INFORMATION START
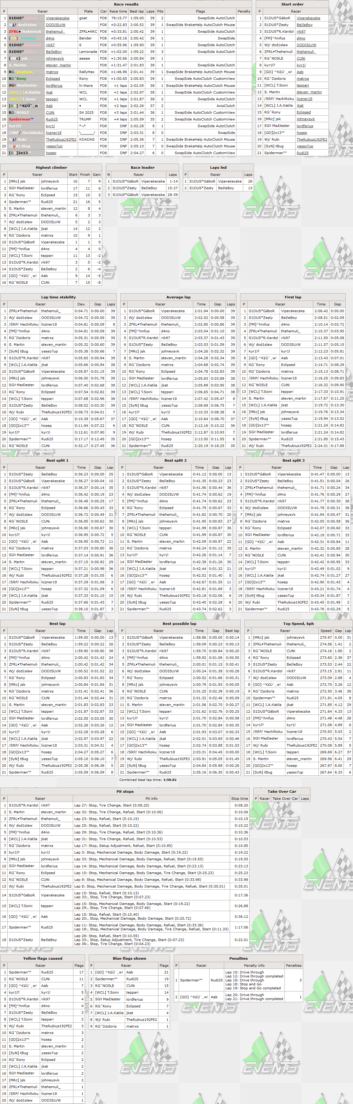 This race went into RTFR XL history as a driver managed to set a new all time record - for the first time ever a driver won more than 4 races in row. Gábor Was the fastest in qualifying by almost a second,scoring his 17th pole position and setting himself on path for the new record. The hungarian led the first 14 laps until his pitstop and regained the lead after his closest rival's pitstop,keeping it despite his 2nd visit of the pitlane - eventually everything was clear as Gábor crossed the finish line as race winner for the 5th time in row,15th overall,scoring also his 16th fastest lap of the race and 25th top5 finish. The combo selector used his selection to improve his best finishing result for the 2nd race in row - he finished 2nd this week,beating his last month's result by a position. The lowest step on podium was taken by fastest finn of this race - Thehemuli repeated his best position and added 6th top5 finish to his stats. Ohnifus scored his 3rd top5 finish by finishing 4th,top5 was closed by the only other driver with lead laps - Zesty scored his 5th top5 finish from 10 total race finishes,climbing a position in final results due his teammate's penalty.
INFORMATION END
INFORMATION START
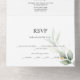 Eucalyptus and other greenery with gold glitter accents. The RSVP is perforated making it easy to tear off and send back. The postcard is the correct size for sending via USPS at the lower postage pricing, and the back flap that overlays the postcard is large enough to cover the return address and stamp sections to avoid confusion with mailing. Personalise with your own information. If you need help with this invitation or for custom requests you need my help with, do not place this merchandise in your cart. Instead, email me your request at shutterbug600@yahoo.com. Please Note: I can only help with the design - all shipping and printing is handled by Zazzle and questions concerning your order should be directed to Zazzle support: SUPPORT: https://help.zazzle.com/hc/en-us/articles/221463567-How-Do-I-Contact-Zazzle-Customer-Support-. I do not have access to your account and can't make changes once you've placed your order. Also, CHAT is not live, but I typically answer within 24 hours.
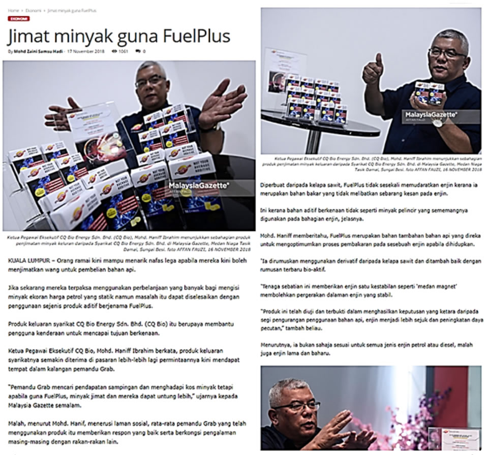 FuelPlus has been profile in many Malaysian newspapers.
INFORMATION END
Give again the stretch of lines above from the one with "Eucalyptus and other" through the one with "FuelPlus has been", both ends kept, and copy no pictures.

**OUTPUT FOR THIS TASK**
 Eucalyptus and other greenery with gold glitter accents. The RSVP is perforated making it easy to tear off and send back. The postcard is the correct size for sending via USPS at the lower postage pricing, and the back flap that overlays the postcard is large enough to cover the return address and stamp sections to avoid confusion with mailing. Personalise with your own information. If you need help with this invitation or for custom requests you need my help with, do not place this merchandise in your cart. Instead, email me your request at shutterbug600@yahoo.com. Please Note: I can only help with the design - all shipping and printing is handled by Zazzle and questions concerning your order should be directed to Zazzle support: SUPPORT: https://help.zazzle.com/hc/en-us/articles/221463567-How-Do-I-Contact-Zazzle-Customer-Support-. I do not have access to your account and can't make changes once you've placed your order. Also, CHAT is not live, but I typically answer within 24 hours.
 FuelPlus has been profile in many Malaysian newspapers.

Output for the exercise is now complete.